Dense multibody motion estimation and reconstruction from a handheld camera

Existing approaches to camera tracking and reconstruction from a single handheld camera for Augmented Reality (AR) focus on the reconstruction of static scenes. However, most real world scenarios are dynamic and contain multiple independently moving rigid objects. This paper addresses the problem of simultaneous segmentation, motion estimation and dense 3D reconstruction of dynamic scenes. We propose a dense solution to all three elements of this problem: depth estimation, motion label assignment and rigid transformation estimation directly from the raw video by optimizing a single cost function using a hill-climbing approach. We do not require prior knowledge of the number of objects present in the scene - the number of independent motion models and their parameters are automatically estimated. The resulting inference method combines the best techniques in discrete and continuous optimization: a state of the art variational approach is used to estimate the dense depth maps while the motion segmentation is achieved using discrete graph-cut based optimization. For the rigid motion estimation of the independently moving objects we propose a novel tracking approach designed to cope with the small fields of view they induce and agile motion.
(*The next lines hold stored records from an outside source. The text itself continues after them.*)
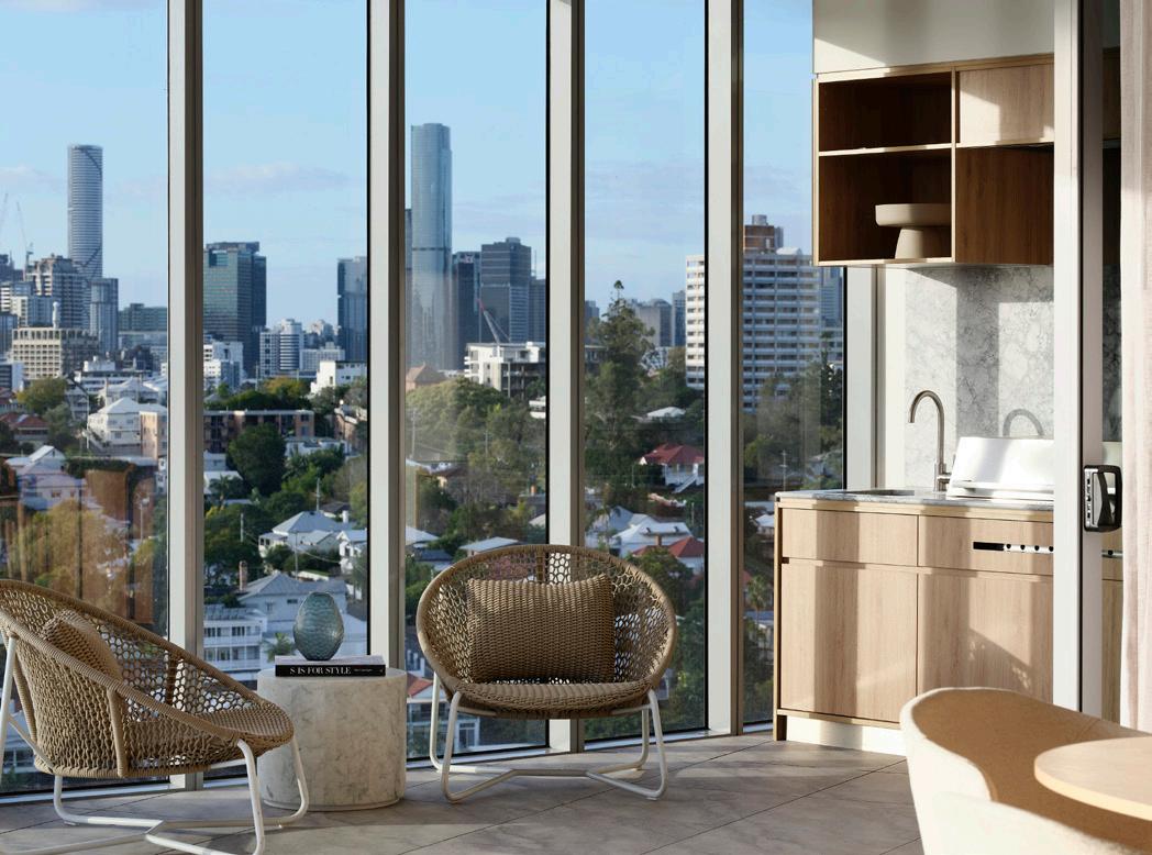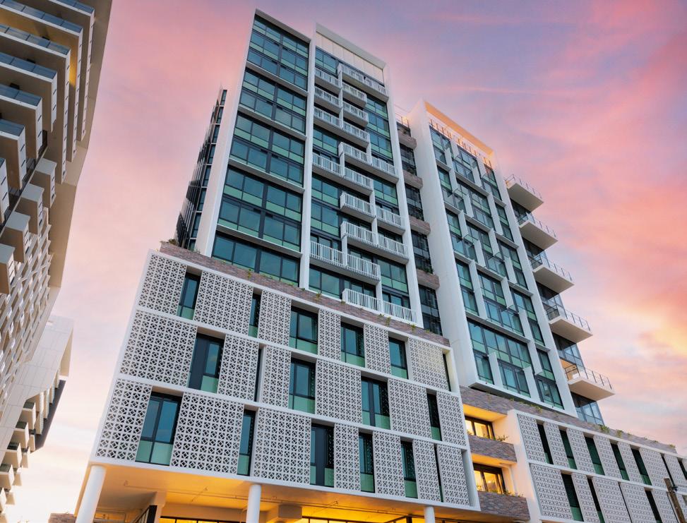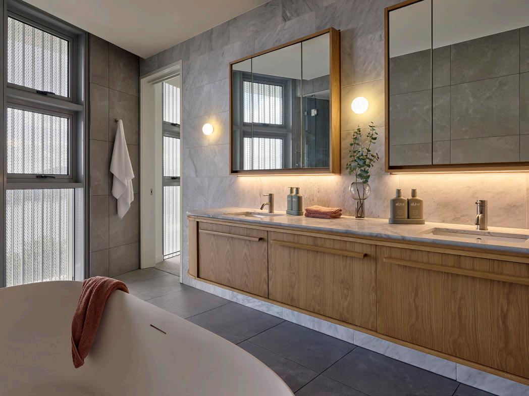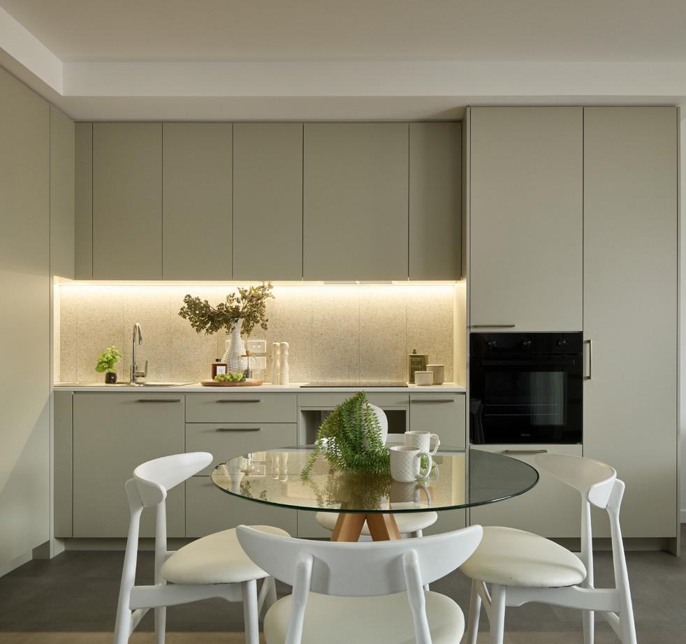 A total of 144 tonnes of joinery was supplied and installed across 153 rooms, including wardrobes, desks, bedheads and mirrored cabinets, all designed and manufactured to support daily living requirements while maintaining a highquality finish.
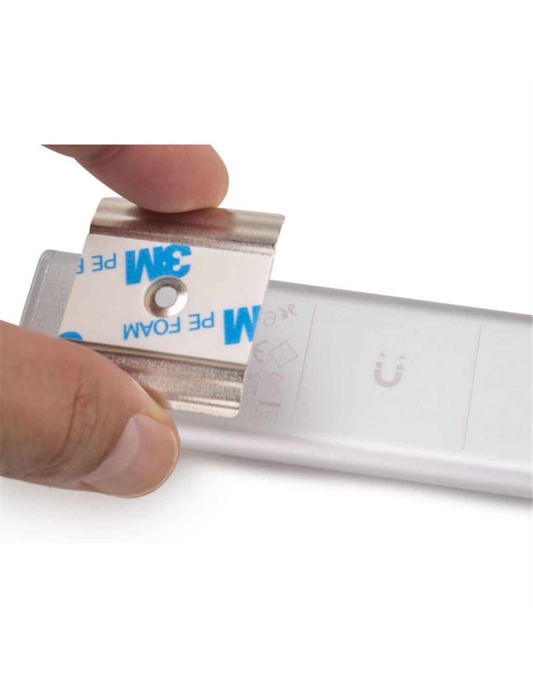 - Installation sans outil : Il se fixe à l'aide de bases métalliques adhésives à fixation magnétique , permettant de le retirer facilement pour le recharger.
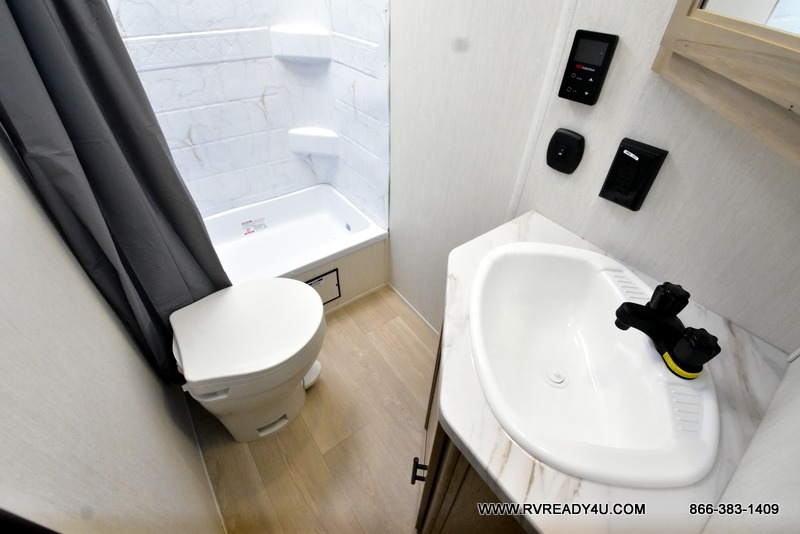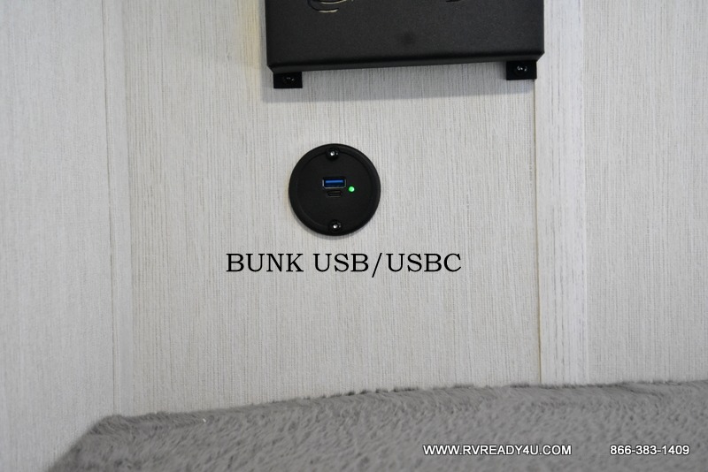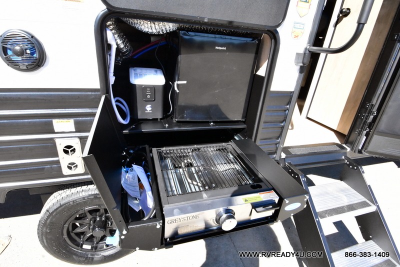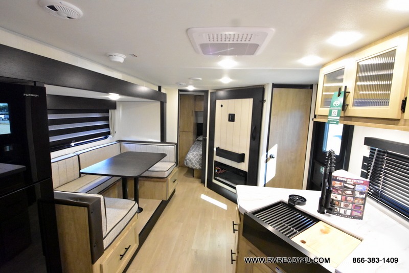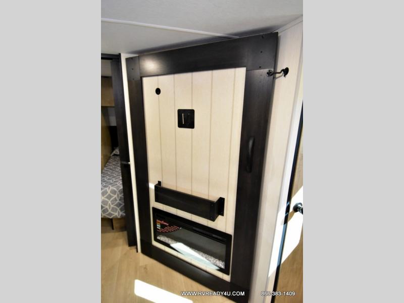 Enjoy time at the campground in this spacious travel trailer with a front private bedroom and double-size bunks for guests! The full interior kitchen and outside kitchen will let you make meals each day, and everyone can dine around the U-shaped dinette or under the 15' awning outside! This unit also includes ample storage space, including hidden shelves behind the fireplace and outside storage!
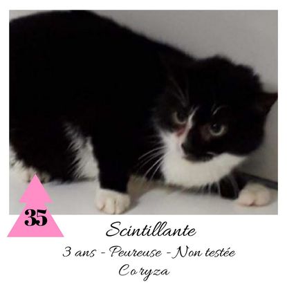 URGENCE EUTHANASIE ! Scintillante est une minette de 3 ans peureuse (en situation de fourrière) qui vous attend dans une fourrière du 35. ATTENTION SORTIE AU PLUS TARD LE 19/12/2019 (avant euthanasie) ! Pour adopter, c'est facile : ➡️ On se rend sur la page facebook d'Urgence Fourrière de Bretagne (UFB) -> https://www.facebook.com/sosfourrieresbreizh/ ➡️ On vient en message privé sur la page UFB ➡️ On remplit le questionnaire ➡️ Si le questionnaire est validé, on se rend disponible pour la pré-visite ➡️ On se rend aussi disponible pour venir chercher le loulou en fourrière Les chats sortent de fourrière primo-vaccinés et identifiés. Restera à charge de l’adoptant le rappel de vaccin et la stérilisation qui est OBLIGATOIRE. Les femelles en fourrière ayant été trouvées dans la rue, il y a fort à parier que nombre d'entre elles en âge de l'être soient gestantes ... ---- A PROPOS D'URGENCE FOURRIERE DE BRETAGNE (UFB) Nous sommes un COLLECTIF d'ASSOCIATIONS DE PROTECTION ANIMALE (qui rassemble notamment Moustaches et Compagnie, Bêtes de Scène, les Pachas, Chats Libres de Berné, etc, etc....) Le BUT de ce collectif d'associations est donc de SORTIR ces animaux des fourrières surchargées en les faisant ADOPTER de manière LEGALE par des familles ou en leur trouvant des FAMILLES D'ACCUEIL lorsque des places en association se libèrent.
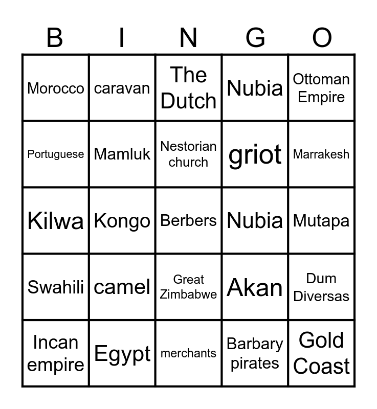 This bingo card has a free space and 24 words: camel, Egypt, Nestorian church, Incan empire, Ottoman Empire, Morocco, Portuguese, caravan, Nubia, Great Zimbabwe, griot, Kilwa, Akan, Dum Diversas, Mamluk, Barbary pirates, Mutapa, The Dutch, Marrakesh, Kongo, Gold Coast, Swahili, Nubia and merchants.
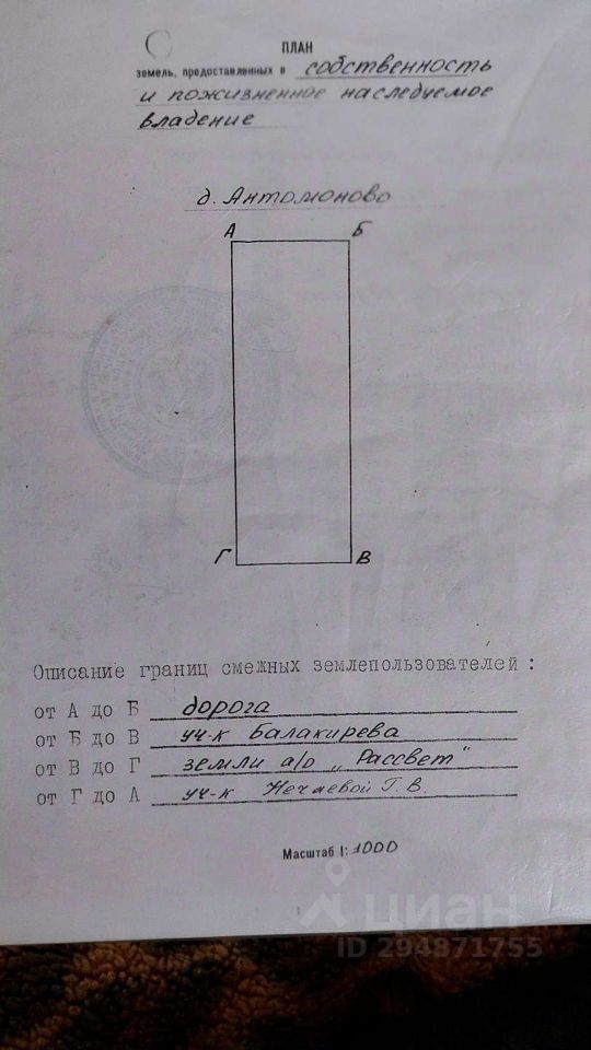 Продается участок в д. Антомоново, расстояние 150 км. От Кад по мурманскому шоссе, на участке имеется дом, но для жилья не пригоден. Так же есть строения в виде сарая. Возле участка в 10 метрах имеется колодец с питьевой водой. В доме проведено электричество, через дорогу от дома есть небольшая речка. Соседи доброжелательные. Торг.
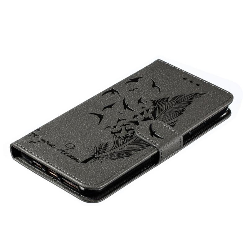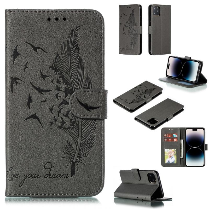 For iPhone 15 Pro Max Feather Pattern Litchi Texture Leather Phone Case(Gray)
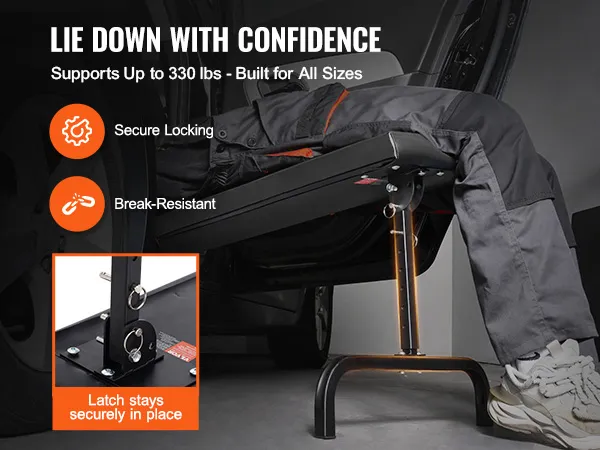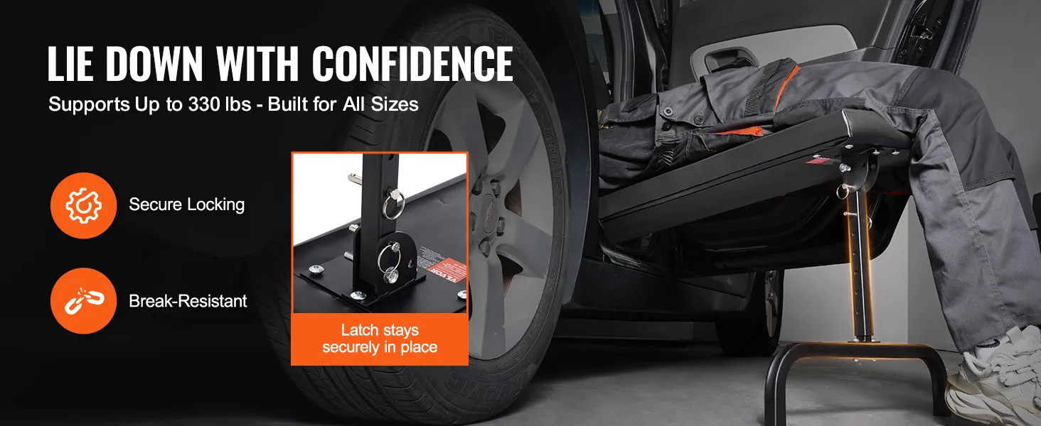 Sturdy and Durable: Supports up to 330 lbs (149.7 kg) with ease. Made from high-performance carbon steel, this automotive creeper offers superior strength and rigidity. Even with a single-leg design, it can handle significant static and dynamic loads without deformation. The welded joints is not easy to break, providing strong stability and avoiding tipping.
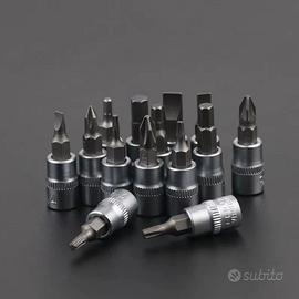 Nr.1 Valigia in plastica Nr.1 Chiave a cricchetto reversibile attacco 1/2" Nr.18 Sockets 1/2 " Bussole per bulloni esagonali da 8 (5/16)-10-11-12-13-14-15-16-17-18-19-20-21-22-24-27-30-32 mm Nr.6 Deep Sockets 1/2 " bussole lunghe per bulloni esagonali da 14-15-16-17-19-22mm Nr.8 Sockets 1/2 " Bussole a stella da E10-11-12-14-16-18-20-24mm Nr.1 Socket attacco bullone 21mm e attacco chiave 13/16 Nr.1 Prolunga snodabile 1/2" Nr.1 Prolunga 120mm da 1/2" Nr.2 Adattatore 3 vie Nr.1 Chiave a cricchetto reversibile attacco 1/4" Nr.1 Prolunga snodabile 1/4" Nr.1 Cacciavite con attacco 1/4" Nr.35 Punte vari per cacciavite attacco 1/4" Nr.1 Prolunga 50mm da 1/4" Nr.1 Prolunga 70mm da 1/4" Nr.13 Sockets 1/4 " Bussole esagonali da 4-4.5-5-5.5-6-7-8-9-10-11-12-13-14mm Nr.8 Deep Sockets 1/4 " bussole lunghe per bulloni esagonali da 6-7-8-9-10-11-12-13-mm Nr.5 Sockets 1/4 " Bussole a stella da E4-5-6-7-8mm Nr.3 Chiavini esagonali 1.5-2,2-2,5mm
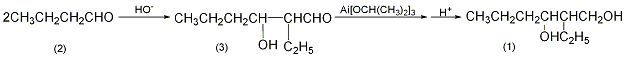 2-乙基-3-羟基己醛(3):于装有搅拌器、温度计、滴液漏斗的反应瓶中,加入正己醛(3)260g(3.6mol0),150ml,冰盐浴冷却至-3℃,开始滴加30ml(10%)的醛氧化钾溶液,开始时滴加要缓慢,以防温度超过8℃。约3h加完。加完后再搅拌反应5h。分出有机层,水洗三次,无水钠干燥。回收,减压蒸出低沸物,得粗产品2-乙基-3-羟基己醛(3)200~220g。2-乙基-1,3-己二醇(1):于装有搅拌器、回流冷凝器的反应瓶中,加入铝屑33g(1.2mol),无水异丙醇300ml,加入碘0.1g,水浴加热,生成异丙醇铝,并有大量氢气放出,当大部分的铝参加反应后,再加入无水异丙醇300ml。回流6h以使反应完全。反应体系呈深灰色。冷后加入前面制得的2-乙基-3-羟基己醛(3),安上有填充物的分馏柱,不断蒸出生成的丙酮。随着反应的的进行,丙酮逐渐蒸完,异丙醇蒸出,直至柱顶温度达到80℃(此时为异丙醇,可回收再利用)。冷却,以15%的烯调至弱酸性,有油状物析出。分出油状物,水洗三次,无水钠干燥,而后进行分馏,收集238~242℃的馏分,得2-乙基-1,3-己二醇(1)60g,收率23%。[1]
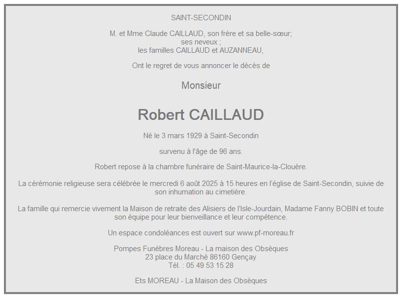 Cet espace « condoléances » est dédié à la mémoire de Monsieur Robert CAILLAUD.

Our experimental results on real sequences show how accurate segmentations and dense depth maps can be obtained in a completely automated way and used in marker-free AR applications.

[1]  D. Cremers Convex Relaxation Techniques for Segmentation , Stereo and Multiview Reconstruction , 2010 .

[2]  Andrew W. Fitzgibbon,et al.  Multibody Structure and Motion: 3-D Reconstruction of Independently Moving Objects , 2000, ECCV.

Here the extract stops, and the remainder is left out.